Work order
A verbatim restatement of the data, free of pictures, is what you should output.

Data excerpt

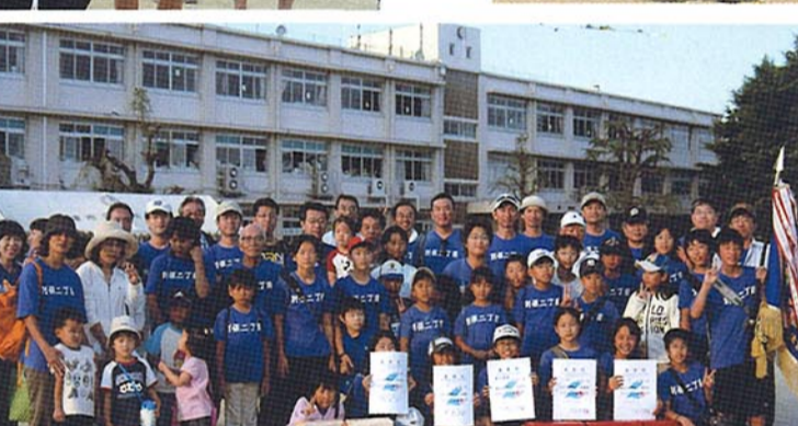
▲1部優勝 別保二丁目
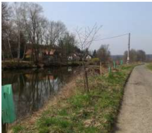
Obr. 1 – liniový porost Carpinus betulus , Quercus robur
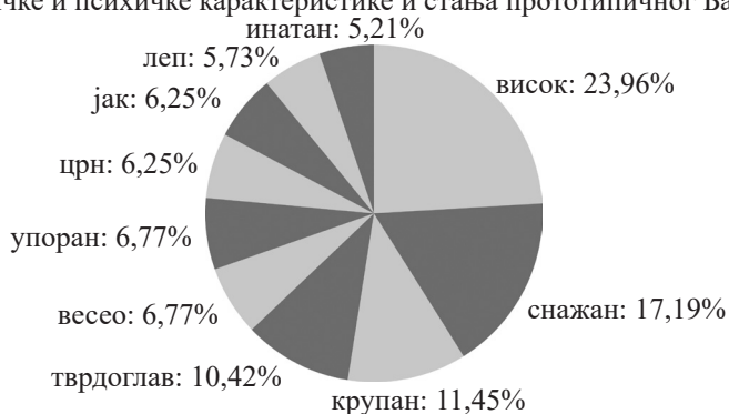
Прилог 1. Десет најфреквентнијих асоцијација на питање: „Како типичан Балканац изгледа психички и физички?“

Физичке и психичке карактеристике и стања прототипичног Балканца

Output below
▲1部優勝 別保二丁目
Obr. 1 – liniový porost Carpinus betulus , Quercus robur
Прилог 1. Десет најфреквентнијих асоцијација на питање: „Како типичан Балканац изгледа психички и физички?“

Физичке и психичке карактеристике и стања прототипичног Балканца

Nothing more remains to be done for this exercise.